Task:
Please produce a character-exact copy of the listing that follows, omitting all images.

Provided information:

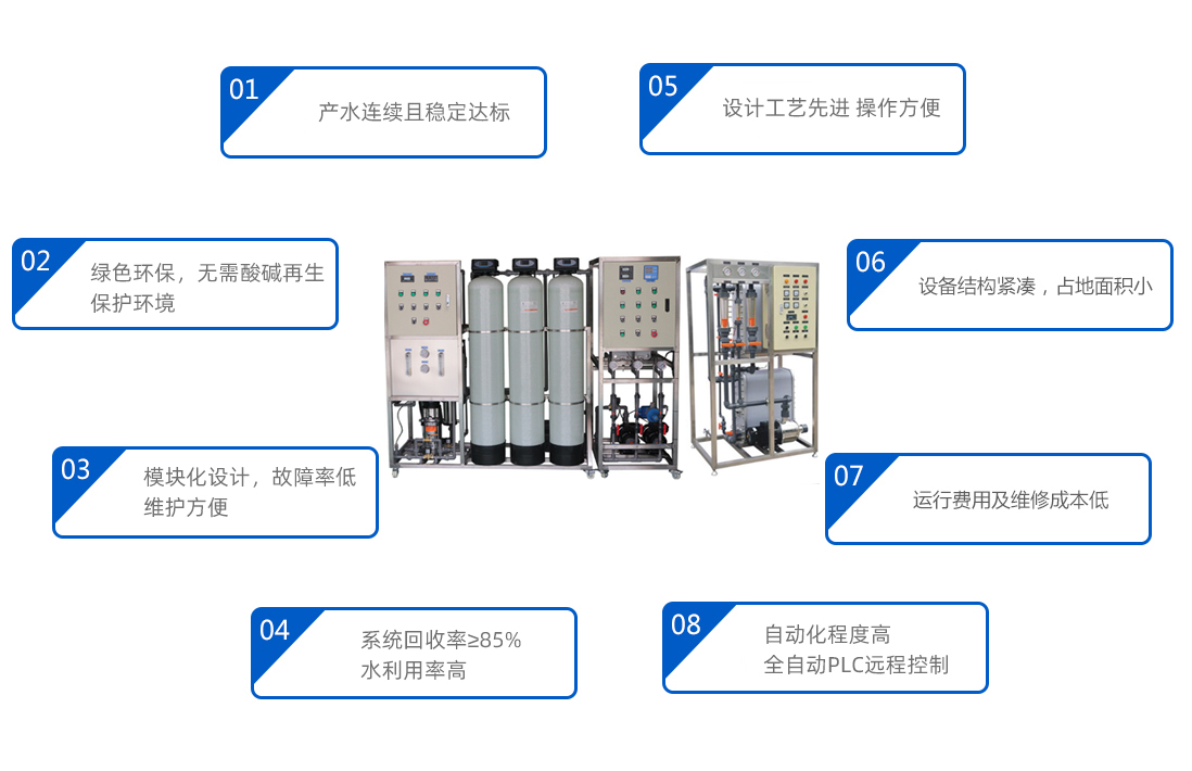 1. 連續產出超純水,出水水質具有最佳的穩定度,以高產率產生超純水(產率可以高達95%)
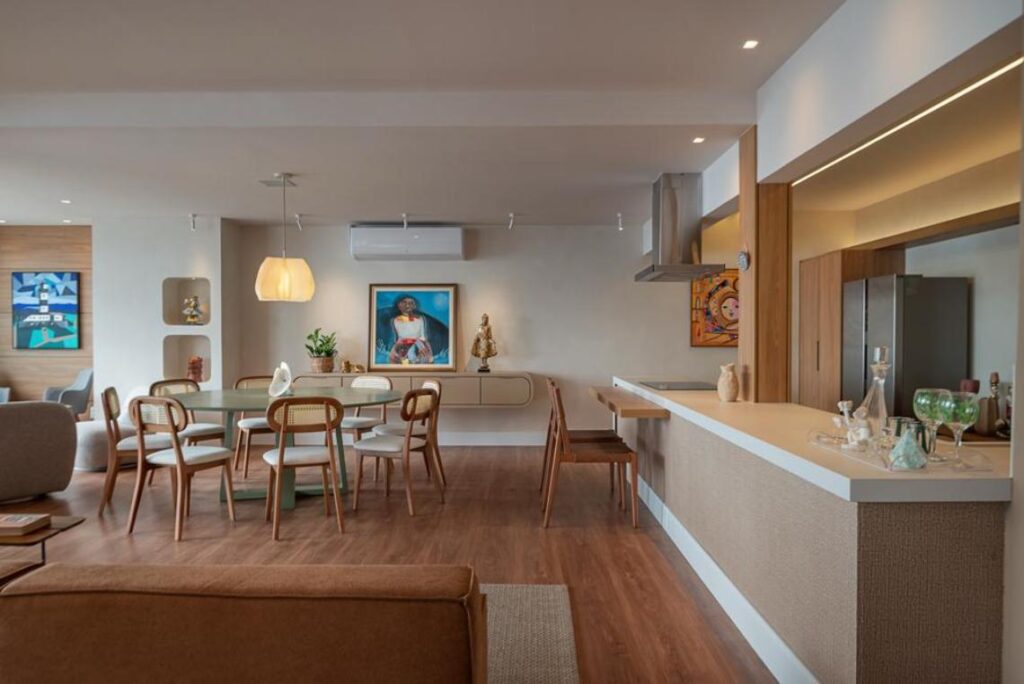 No projeto de interiores, as escolhas priorizam linhas discretas, funcionais e resistentes. Mesas amplas e um sofá em ilha permitem diferentes configurações para receber grupos variados, adaptando o espaço conforme as necessidades da família. Para completar, o apartamento apresenta obras de arte de artistas baianos admirados pelos clientes, como Waldeth Garcez, Fred Sá e Galeano.
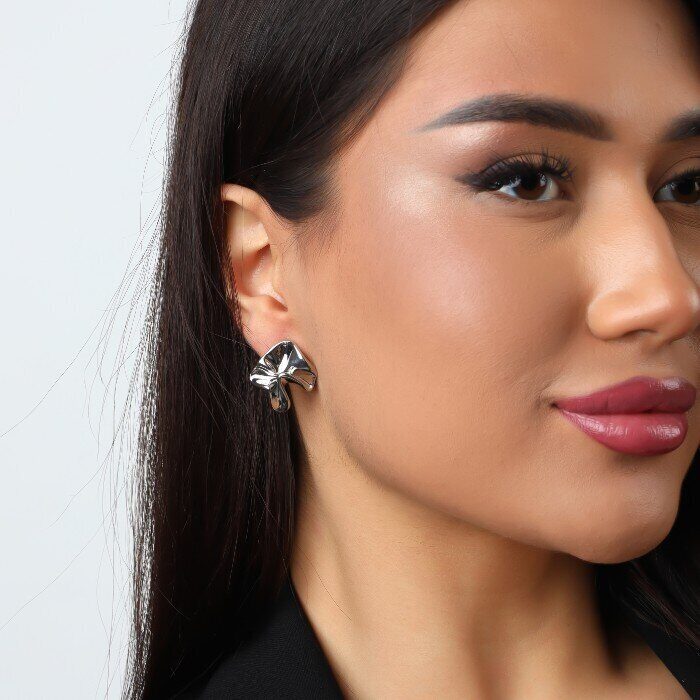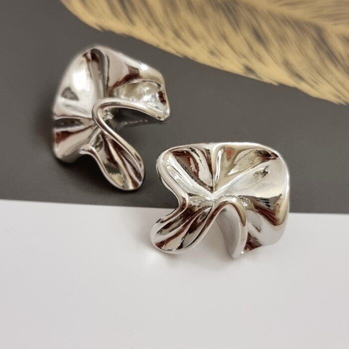 Серьги листья лотоса, цвет серебристый, 05025, арт.001.504
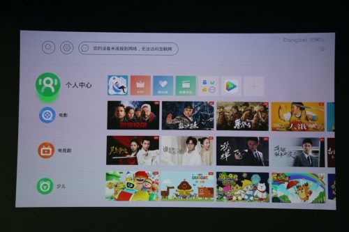 当贝F1的UI设计有些特立独行,导航栏采用了纵向排列,不过操作起来也比较方便,但是没有快速切换少儿模式和老人模式的设置,对于单身或情侣来说可能会更适用一些。
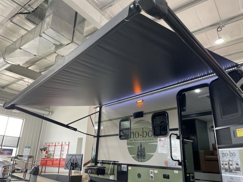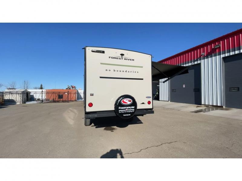 If you want to break free from the travel constraints of standard trailers, then you must choose the Forest River No Boundaries travel trailer because they are rugged and ready for adventure! These 18, 19, and 20 Series trailers are built with a laminated wall with aluminum construction and Azdel composite substrate for added durability. There is also a rugged tire and wheel package with a spare tire included, a fully enclosed underbelly, and a Cold Weather Package with 12V heated tank pads and forced air to help extend your camping season. A 15K A/C will provide comfort during the summer, and a Bluetooth speaker will let you listen to your favorite tunes while you're at the campground. Choose the optional Beast Mode Package for an additional 200W solar panel, 2,000W inverter, and Beast Mode independent suspension!
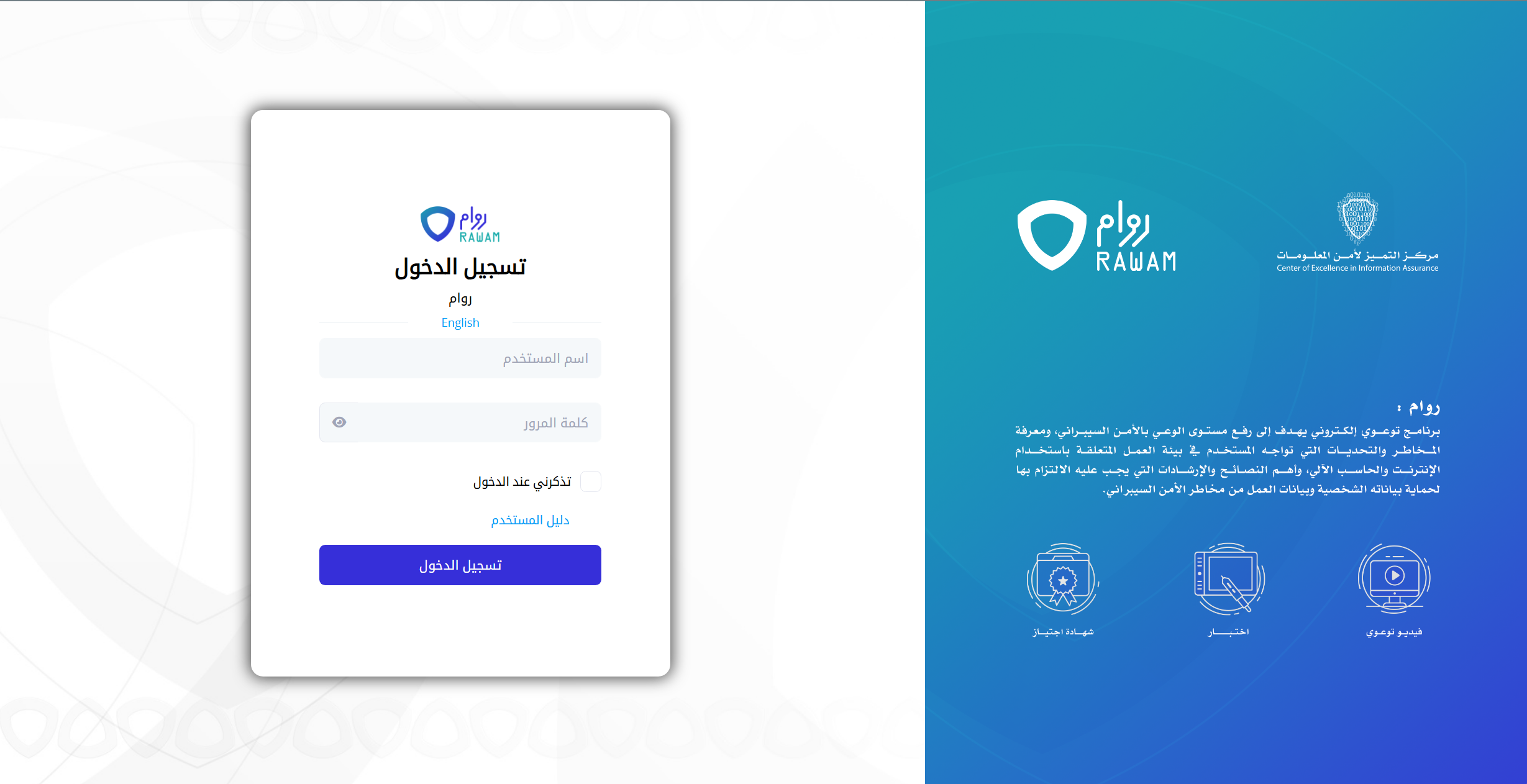 يبدأ المستخدم باستخدام منصة التوعية بتسجيل الدخول بحسابه الخاص، هذا الحساب قد يكون نفس حساب الويندوز المربوط بنظام المنشأة Windows LDAP Account أو يكون حساباً محلياً تم إنشاءه مسبقا في المنصة.
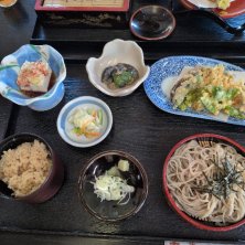 2022.09.24の昼ご飯 秋山定食 温泉入ってから秋山郷近くの蕎麦と豆腐の店で。 蕎麦も天ぷらもごはんもおいしかった〜 さすが魚沼近く!

Reply to the task:
 1. 連續產出超純水,出水水質具有最佳的穩定度,以高產率產生超純水(產率可以高達95%)
 No projeto de interiores, as escolhas priorizam linhas discretas, funcionais e resistentes. Mesas amplas e um sofá em ilha permitem diferentes configurações para receber grupos variados, adaptando o espaço conforme as necessidades da família. Para completar, o apartamento apresenta obras de arte de artistas baianos admirados pelos clientes, como Waldeth Garcez, Fred Sá e Galeano.
 Серьги листья лотоса, цвет серебристый, 05025, арт.001.504
 当贝F1的UI设计有些特立独行,导航栏采用了纵向排列,不过操作起来也比较方便,但是没有快速切换少儿模式和老人模式的设置,对于单身或情侣来说可能会更适用一些。
 If you want to break free from the travel constraints of standard trailers, then you must choose the Forest River No Boundaries travel trailer because they are rugged and ready for adventure! These 18, 19, and 20 Series trailers are built with a laminated wall with aluminum construction and Azdel composite substrate for added durability. There is also a rugged tire and wheel package with a spare tire included, a fully enclosed underbelly, and a Cold Weather Package with 12V heated tank pads and forced air to help extend your camping season. A 15K A/C will provide comfort during the summer, and a Bluetooth speaker will let you listen to your favorite tunes while you're at the campground. Choose the optional Beast Mode Package for an additional 200W solar panel, 2,000W inverter, and Beast Mode independent suspension!
 يبدأ المستخدم باستخدام منصة التوعية بتسجيل الدخول بحسابه الخاص، هذا الحساب قد يكون نفس حساب الويندوز المربوط بنظام المنشأة Windows LDAP Account أو يكون حساباً محلياً تم إنشاءه مسبقا في المنصة.
 2022.09.24の昼ご飯 秋山定食 温泉入ってから秋山郷近くの蕎麦と豆腐の店で。 蕎麦も天ぷらもごはんもおいしかった〜 さすが魚沼近く!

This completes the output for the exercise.